▶ _Assignment_
Repeat only the lines below that run from the line with "チケットはShopifの顧客セグメントを指定して配信が可能です。" to the line with "Enjoy the taste", ends included; skip every picture.

====== The records ======

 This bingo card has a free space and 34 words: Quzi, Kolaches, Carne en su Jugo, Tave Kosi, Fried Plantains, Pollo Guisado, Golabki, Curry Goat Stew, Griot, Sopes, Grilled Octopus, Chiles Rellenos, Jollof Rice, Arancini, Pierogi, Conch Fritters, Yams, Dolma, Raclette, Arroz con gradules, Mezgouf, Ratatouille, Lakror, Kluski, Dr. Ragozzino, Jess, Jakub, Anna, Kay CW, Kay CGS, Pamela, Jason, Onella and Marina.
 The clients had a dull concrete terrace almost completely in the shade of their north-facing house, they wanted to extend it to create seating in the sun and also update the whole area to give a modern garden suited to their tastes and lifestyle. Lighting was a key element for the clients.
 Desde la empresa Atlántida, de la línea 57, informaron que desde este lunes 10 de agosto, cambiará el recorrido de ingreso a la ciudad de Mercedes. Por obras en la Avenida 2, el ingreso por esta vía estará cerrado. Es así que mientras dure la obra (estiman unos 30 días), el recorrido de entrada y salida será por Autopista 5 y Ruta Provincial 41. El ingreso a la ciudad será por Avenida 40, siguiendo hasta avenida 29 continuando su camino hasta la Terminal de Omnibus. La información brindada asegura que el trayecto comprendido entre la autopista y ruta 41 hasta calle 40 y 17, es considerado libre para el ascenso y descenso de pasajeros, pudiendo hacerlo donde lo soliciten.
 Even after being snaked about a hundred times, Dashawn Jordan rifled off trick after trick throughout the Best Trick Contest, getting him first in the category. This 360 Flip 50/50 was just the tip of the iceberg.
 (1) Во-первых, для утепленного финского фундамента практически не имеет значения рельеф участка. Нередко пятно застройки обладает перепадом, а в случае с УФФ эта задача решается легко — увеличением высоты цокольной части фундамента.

======
====== The records ======

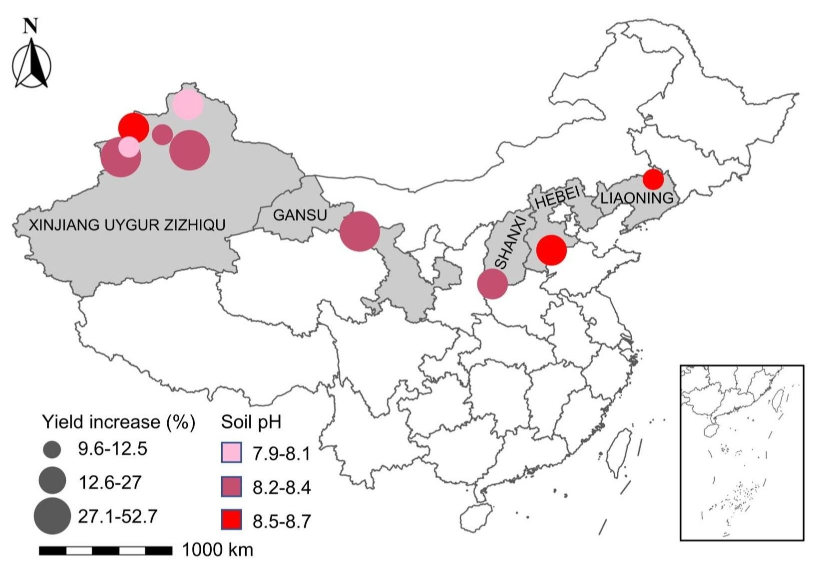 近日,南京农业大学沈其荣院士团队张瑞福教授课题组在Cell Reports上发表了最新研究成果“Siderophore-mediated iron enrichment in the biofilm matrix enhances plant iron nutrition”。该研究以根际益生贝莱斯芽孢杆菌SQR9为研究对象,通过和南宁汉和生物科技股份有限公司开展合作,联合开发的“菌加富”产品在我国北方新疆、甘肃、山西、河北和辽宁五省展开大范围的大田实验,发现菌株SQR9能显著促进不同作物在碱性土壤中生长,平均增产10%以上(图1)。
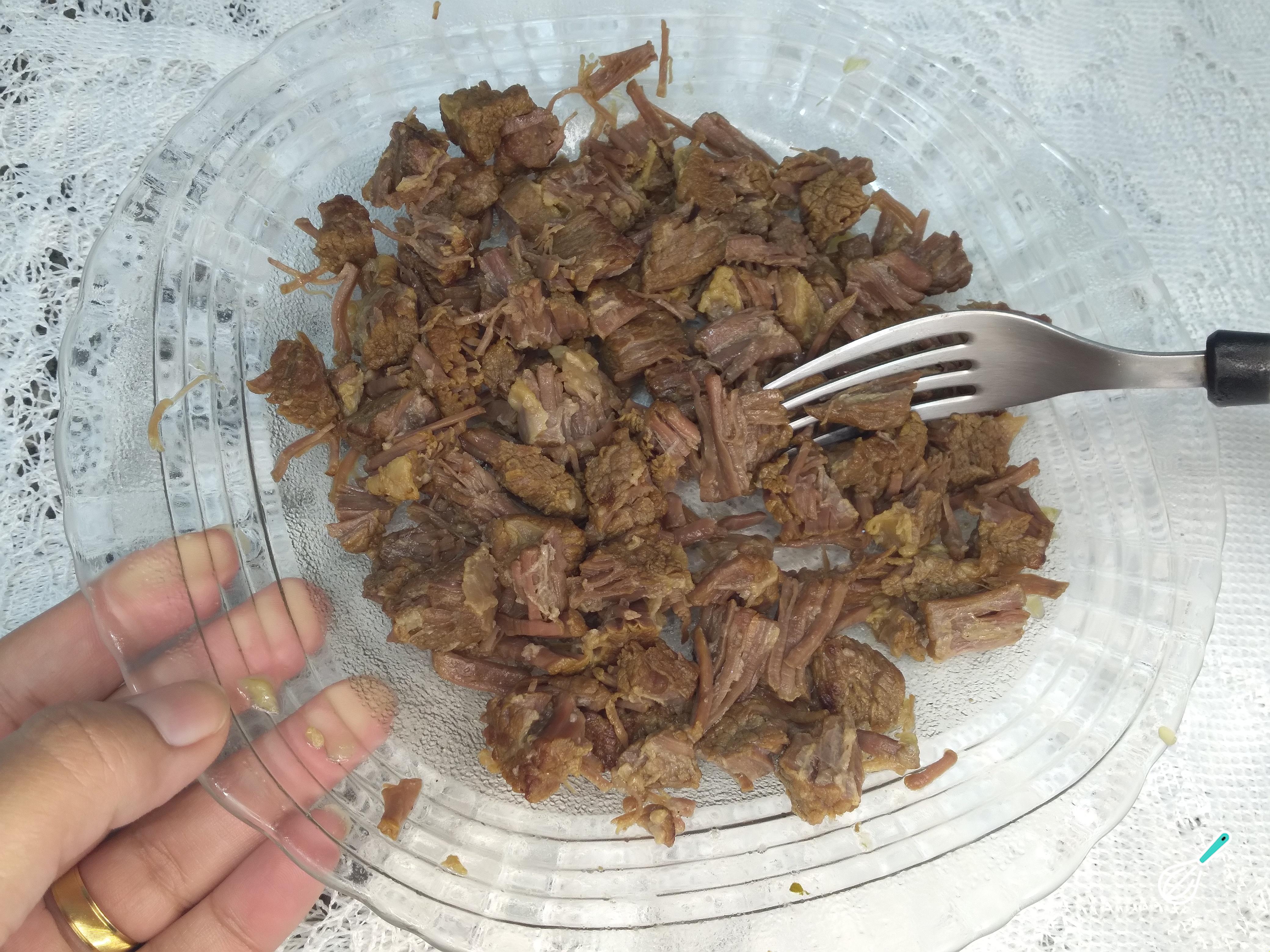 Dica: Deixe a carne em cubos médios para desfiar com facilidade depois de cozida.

======
====== The records ======

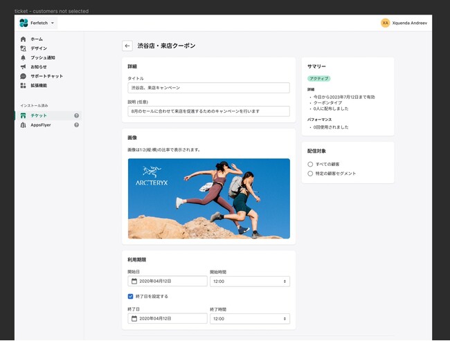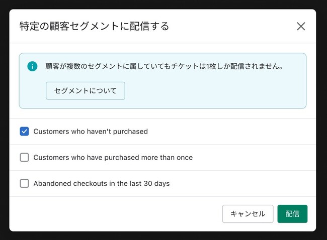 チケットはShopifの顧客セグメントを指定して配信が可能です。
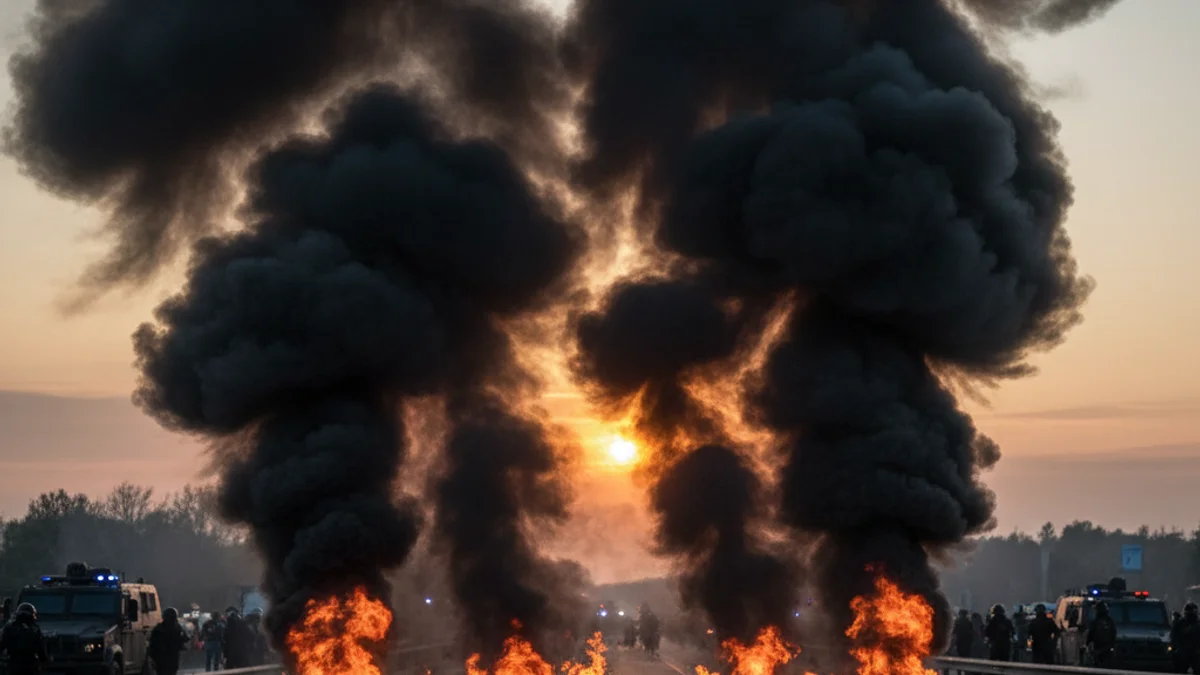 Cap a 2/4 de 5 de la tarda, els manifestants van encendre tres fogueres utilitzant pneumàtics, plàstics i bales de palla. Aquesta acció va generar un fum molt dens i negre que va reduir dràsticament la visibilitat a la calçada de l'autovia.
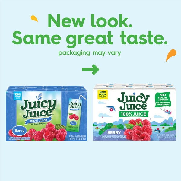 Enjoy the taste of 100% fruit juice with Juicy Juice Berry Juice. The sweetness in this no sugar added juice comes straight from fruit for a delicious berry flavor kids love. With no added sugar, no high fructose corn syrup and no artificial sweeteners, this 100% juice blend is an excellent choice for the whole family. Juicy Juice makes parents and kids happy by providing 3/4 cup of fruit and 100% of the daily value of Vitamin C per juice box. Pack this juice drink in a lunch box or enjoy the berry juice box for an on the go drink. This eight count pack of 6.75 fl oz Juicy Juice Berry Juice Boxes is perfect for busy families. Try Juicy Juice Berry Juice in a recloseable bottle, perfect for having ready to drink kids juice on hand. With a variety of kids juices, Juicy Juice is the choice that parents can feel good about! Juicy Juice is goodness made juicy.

======

▶ _Exercise output_
 チケットはShopifの顧客セグメントを指定して配信が可能です。
 Cap a 2/4 de 5 de la tarda, els manifestants van encendre tres fogueres utilitzant pneumàtics, plàstics i bales de palla. Aquesta acció va generar un fum molt dens i negre que va reduir dràsticament la visibilitat a la calçada de l'autovia.
 Enjoy the taste of 100% fruit juice with Juicy Juice Berry Juice. The sweetness in this no sugar added juice comes straight from fruit for a delicious berry flavor kids love. With no added sugar, no high fructose corn syrup and no artificial sweeteners, this 100% juice blend is an excellent choice for the whole family. Juicy Juice makes parents and kids happy by providing 3/4 cup of fruit and 100% of the daily value of Vitamin C per juice box. Pack this juice drink in a lunch box or enjoy the berry juice box for an on the go drink. This eight count pack of 6.75 fl oz Juicy Juice Berry Juice Boxes is perfect for busy families. Try Juicy Juice Berry Juice in a recloseable bottle, perfect for having ready to drink kids juice on hand. With a variety of kids juices, Juicy Juice is the choice that parents can feel good about! Juicy Juice is goodness made juicy.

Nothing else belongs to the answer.